• [Requirement]:
Begin with the line below holding "股價在集合競價中從漲停到跌停" and go on through the line holding "Cesar Паучи для", duplicating each line exactly and leaving out pictures.

• [Dataset content]:
BEGIN

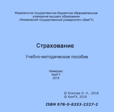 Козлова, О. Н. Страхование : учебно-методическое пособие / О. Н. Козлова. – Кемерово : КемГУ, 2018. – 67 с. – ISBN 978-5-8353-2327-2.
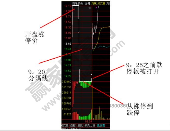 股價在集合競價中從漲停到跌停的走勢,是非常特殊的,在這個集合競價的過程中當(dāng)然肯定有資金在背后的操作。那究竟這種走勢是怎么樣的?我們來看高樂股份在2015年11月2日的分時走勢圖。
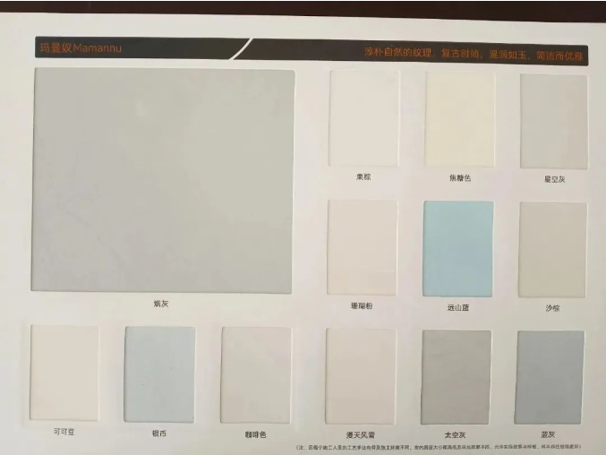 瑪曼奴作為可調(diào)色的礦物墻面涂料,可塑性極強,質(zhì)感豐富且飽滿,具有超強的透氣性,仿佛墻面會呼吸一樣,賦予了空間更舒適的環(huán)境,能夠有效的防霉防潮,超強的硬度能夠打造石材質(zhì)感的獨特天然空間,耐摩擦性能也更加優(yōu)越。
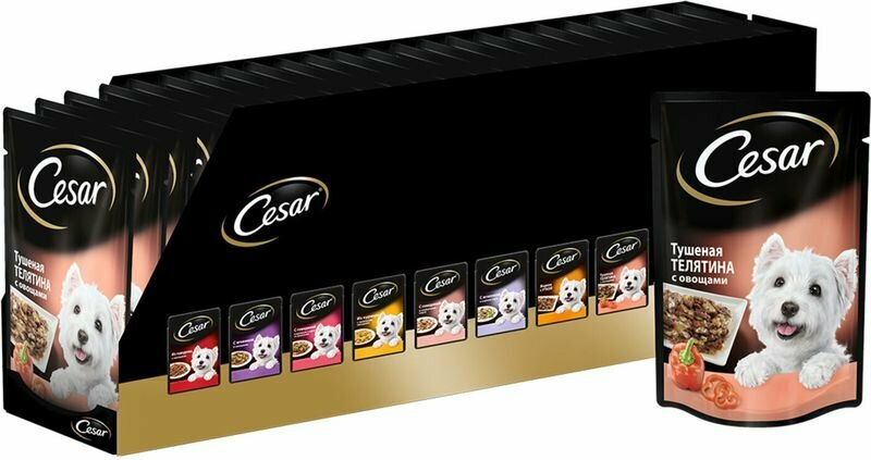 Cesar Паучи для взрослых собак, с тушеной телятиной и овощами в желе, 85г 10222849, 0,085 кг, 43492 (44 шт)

END
BEGIN

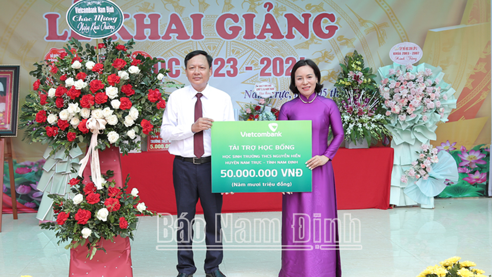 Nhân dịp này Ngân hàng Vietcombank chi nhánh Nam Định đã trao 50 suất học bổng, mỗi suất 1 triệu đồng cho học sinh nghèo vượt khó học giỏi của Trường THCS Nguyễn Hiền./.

END

• [Answer to this problem]:
 股價在集合競價中從漲停到跌停的走勢,是非常特殊的,在這個集合競價的過程中當(dāng)然肯定有資金在背后的操作。那究竟這種走勢是怎么樣的?我們來看高樂股份在2015年11月2日的分時走勢圖。
 瑪曼奴作為可調(diào)色的礦物墻面涂料,可塑性極強,質(zhì)感豐富且飽滿,具有超強的透氣性,仿佛墻面會呼吸一樣,賦予了空間更舒適的環(huán)境,能夠有效的防霉防潮,超強的硬度能夠打造石材質(zhì)感的獨特天然空間,耐摩擦性能也更加優(yōu)越。
 Cesar Паучи для взрослых собак, с тушеной телятиной и овощами в желе, 85г 10222849, 0,085 кг, 43492 (44 шт)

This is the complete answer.